■ **Supplied information**:
◇ ◇ ◇

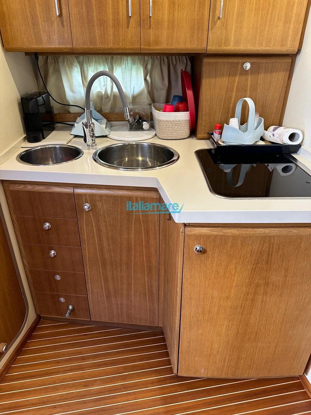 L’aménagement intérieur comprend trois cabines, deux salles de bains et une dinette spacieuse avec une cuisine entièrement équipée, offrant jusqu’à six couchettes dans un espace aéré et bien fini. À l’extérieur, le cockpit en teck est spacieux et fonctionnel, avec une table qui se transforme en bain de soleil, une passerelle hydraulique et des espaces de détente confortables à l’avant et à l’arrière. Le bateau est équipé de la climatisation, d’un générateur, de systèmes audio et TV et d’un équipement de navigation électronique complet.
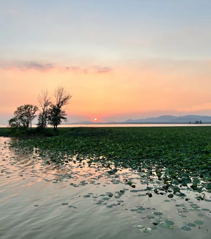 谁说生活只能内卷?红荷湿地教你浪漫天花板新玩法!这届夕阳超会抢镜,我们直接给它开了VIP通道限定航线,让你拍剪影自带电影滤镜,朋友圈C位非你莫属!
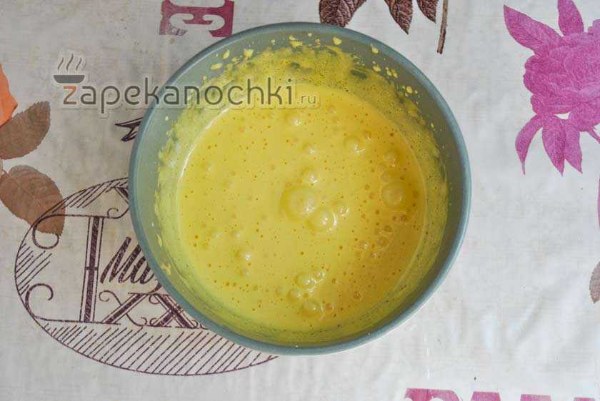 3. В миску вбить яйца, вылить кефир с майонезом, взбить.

◇ ◇ ◇

■ **Task description**: Copy out all the data above exactly, minus the images.

■ **Exercise solution**:
 L’aménagement intérieur comprend trois cabines, deux salles de bains et une dinette spacieuse avec une cuisine entièrement équipée, offrant jusqu’à six couchettes dans un espace aéré et bien fini. À l’extérieur, le cockpit en teck est spacieux et fonctionnel, avec une table qui se transforme en bain de soleil, une passerelle hydraulique et des espaces de détente confortables à l’avant et à l’arrière. Le bateau est équipé de la climatisation, d’un générateur, de systèmes audio et TV et d’un équipement de navigation électronique complet.
 谁说生活只能内卷?红荷湿地教你浪漫天花板新玩法!这届夕阳超会抢镜,我们直接给它开了VIP通道限定航线,让你拍剪影自带电影滤镜,朋友圈C位非你莫属!
 3. В миску вбить яйца, вылить кефир с майонезом, взбить.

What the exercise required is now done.